Avneesh Chandra, a data analyst at Graphika (Rolling Stone)
Last Words for the Final Cut
Zack Snyder didn’t lead the global “Release the Snyder Cut” movement; he only enjoyed the fruit of it. Buying followers and hacking websites weren’t quite the order. Fans mobilized because they were angry.
Former WarnerMedia CEO Ann Sarnoff once called those fans’ behavior “unacceptable” and “reprehensible no matter what franchise you’re talking about.” Well, Ann? How’d that work out? The fans are here, and you are…where again?
Rolling Stone even called Time Magazine to reiterate their quote, “Rewarding toxic fandoms with what they want could prove dangerous for the film industry.”
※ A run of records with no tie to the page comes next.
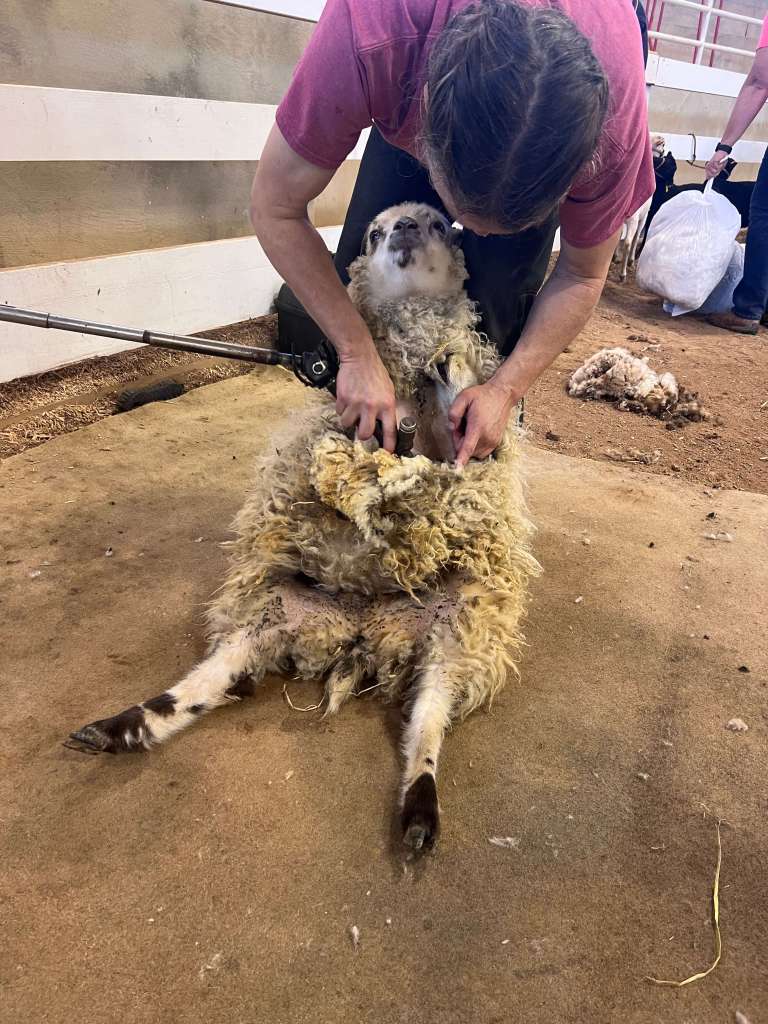 Luckily Amber knows the sheep shearer. This is a hard person to get in with. Everything fell into place though. I got in touch with his assistant who mentioned that they would be giving a live demonstration on Sunday at SAFF. It didn’t take much convincing for David to help me put the sheep in the back of the covered pick up (yep they fit with plenty of room to spare) and drive over to the fairgrounds. Rachel and Madison came too. The shearing was epic. We waited in line with dozens of others and got to watch them shearing angora goats as well as lots of sheep. And then we stopped over to watch the border collie demonstration — as you do.
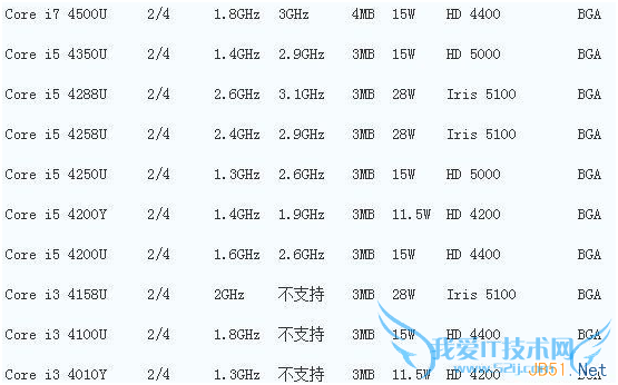 新的Haswell处理器在性能上相比上一代IVB处理器,性能上有进一步的提升,并且呈现出高端产品性能化低端产品低功耗化的发展趋势。不过最为引人注目的新升级则是来自Iris(锐炬)核心显卡,相比较上一代平台集成的核心显卡,实际测试中Iris(锐炬)和Iris Pro(锐炬Pro)核显的性能确实提高明显,这个提高的程度甚至是成倍的。不过与IVB平台不同,并不是所有的Haswell处理器都搭载同样的核显,根据产品定位的高低,也分多种型号,消费者在购买的时候也要格外注意。在这里笔者直接给一张表格以供大家参考。
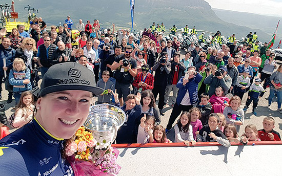 Van Vleuten se hace un ‘selfie’ en San Miguel de Aralar.
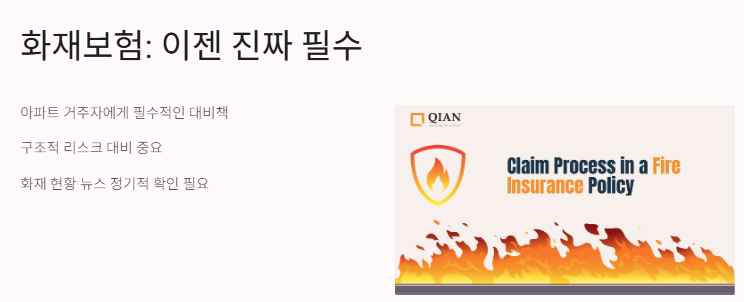 화재보험은 불시에 닥칠 수 있는 피해를 대비하는 유일한 방법이에요. 아파트 거주자에게 특히 필요해요.
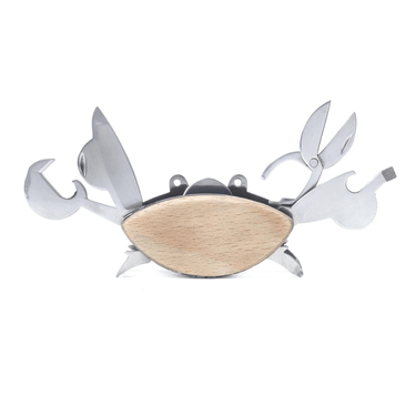 Crab Multitool is a creative crustacean tool for your kitchen, car, or toolbox. With five separate tools, there's not much this Crab Multitool can't do. Keep it anywhere, it's a fun and functional gift for any handyman or crab-loving cook. Kikkerland's Crab Multitool features a beautiful beechwood body and five stainless steel pull-out tools including scissors, bottle opener, can opener, rope saw, and flat head screwdriver.
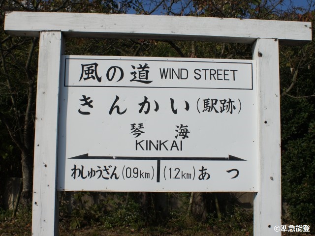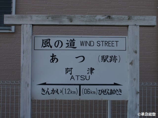 - 起点駅でした。やたらと綺麗ですがこれも復刻版の駅名標なのかな? 廃線跡は「風の道」として自転車道になっています。

Rolling Stone believes Zack Snyder was the master puppeteer behind this ballyhoo because of an alleged discussion at Warner Bros. where the Boss “confronted an executive in the studio’s post-production department and issued a threat.
‘Geoff and Jon are dragging their feet on taking their names off my cut. Now, I will destroy them on social media.’” No one in the magazine has heard the term “Social Influencer.” They’d already know if they had seen Zack’s work on Vero.
With Rebel Moon on Netflix, Snyder has been preparing to shock the world again. Yet, he was available to respond to the magazine’s request and denied accusations that he manipulated the movement. He said, “If anyone was pulling strings on the social media fervor, it was Warner Bros. trying to leverage my fan base to bolster subscribers to their new streaming service.”
And then, there was the slightly outspoken Ray Fisher. That’s when this happened:
Yeah, that’s going to leave a mark.
Did Zack spearhead #ReleaseTheSnyderCut? Yes, but in the sense of reaping a harvest of loyalty due to the years of fan service this man–and his super genius wife, Deborah, who should be leading DC Films at WBD–have poured into their films.
That movement. Those actions. The feels. And that film. Yes, Rolling Stone, it was the least we could all do. Now, go back to covering music.